**Directions:**
Return, exactly and in full, the lines of the records below starting at the one with "State-of-the-art Manufacturing Block." and ending at the one with "POLICE ON THE", and no other lines.

**Task input:**

-- Opening Marker --

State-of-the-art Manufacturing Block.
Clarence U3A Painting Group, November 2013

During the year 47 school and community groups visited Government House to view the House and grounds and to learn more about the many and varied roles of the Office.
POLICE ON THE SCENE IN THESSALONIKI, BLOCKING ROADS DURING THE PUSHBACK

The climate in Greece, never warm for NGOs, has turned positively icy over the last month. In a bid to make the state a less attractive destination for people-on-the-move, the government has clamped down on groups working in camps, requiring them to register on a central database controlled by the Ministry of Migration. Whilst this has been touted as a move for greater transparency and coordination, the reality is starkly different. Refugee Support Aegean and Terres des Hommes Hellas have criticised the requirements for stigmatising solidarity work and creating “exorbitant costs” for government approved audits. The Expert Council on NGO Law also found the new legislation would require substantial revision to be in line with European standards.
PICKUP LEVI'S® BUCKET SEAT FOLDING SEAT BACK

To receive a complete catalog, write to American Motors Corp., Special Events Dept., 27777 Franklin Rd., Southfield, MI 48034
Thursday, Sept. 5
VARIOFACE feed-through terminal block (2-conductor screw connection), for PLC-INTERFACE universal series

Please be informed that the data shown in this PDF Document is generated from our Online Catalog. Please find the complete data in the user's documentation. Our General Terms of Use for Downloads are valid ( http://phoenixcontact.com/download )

-- Closing Marker --
-- Opening Marker --

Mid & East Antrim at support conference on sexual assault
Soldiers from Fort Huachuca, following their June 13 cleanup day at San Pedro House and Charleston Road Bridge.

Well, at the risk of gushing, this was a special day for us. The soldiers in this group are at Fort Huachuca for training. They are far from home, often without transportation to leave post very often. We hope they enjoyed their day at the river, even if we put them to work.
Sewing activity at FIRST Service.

-- Closing Marker --
-- Opening Marker --

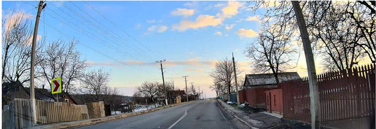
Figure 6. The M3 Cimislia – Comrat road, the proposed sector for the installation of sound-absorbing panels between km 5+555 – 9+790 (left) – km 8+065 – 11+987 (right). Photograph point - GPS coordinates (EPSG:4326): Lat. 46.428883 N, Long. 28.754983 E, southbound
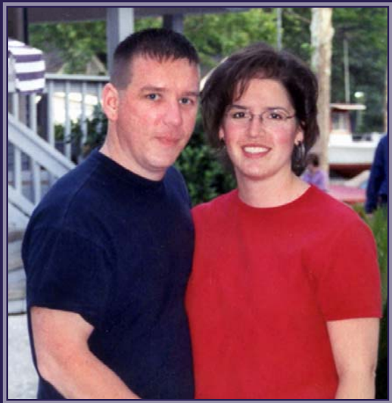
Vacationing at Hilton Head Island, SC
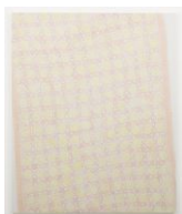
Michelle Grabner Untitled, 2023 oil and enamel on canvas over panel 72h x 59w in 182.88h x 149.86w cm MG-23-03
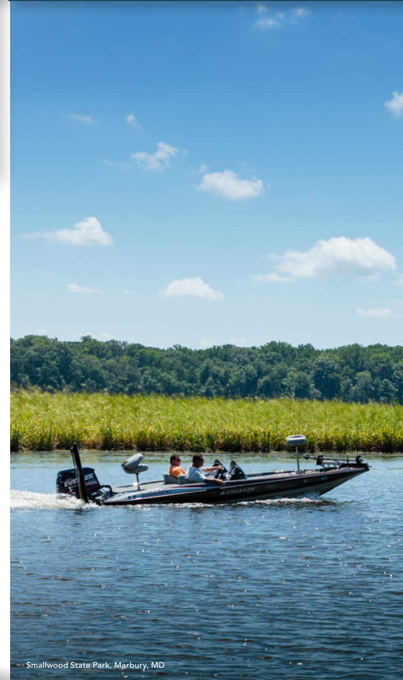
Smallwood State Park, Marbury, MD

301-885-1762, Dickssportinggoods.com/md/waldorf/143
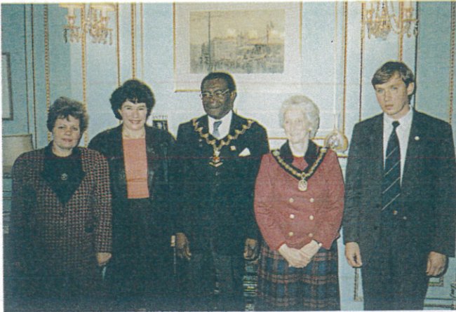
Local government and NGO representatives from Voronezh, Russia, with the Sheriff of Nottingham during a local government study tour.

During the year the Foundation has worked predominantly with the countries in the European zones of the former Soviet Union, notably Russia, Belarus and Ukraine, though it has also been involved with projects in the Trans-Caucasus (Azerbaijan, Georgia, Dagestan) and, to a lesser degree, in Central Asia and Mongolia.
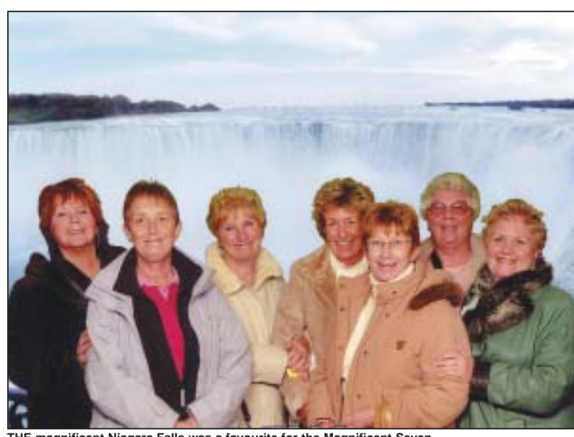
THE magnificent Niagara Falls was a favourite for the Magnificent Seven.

-- Closing Marker --

**Your response:**
State-of-the-art Manufacturing Block.
Clarence U3A Painting Group, November 2013

During the year 47 school and community groups visited Government House to view the House and grounds and to learn more about the many and varied roles of the Office.
POLICE ON THE SCENE IN THESSALONIKI, BLOCKING ROADS DURING THE PUSHBACK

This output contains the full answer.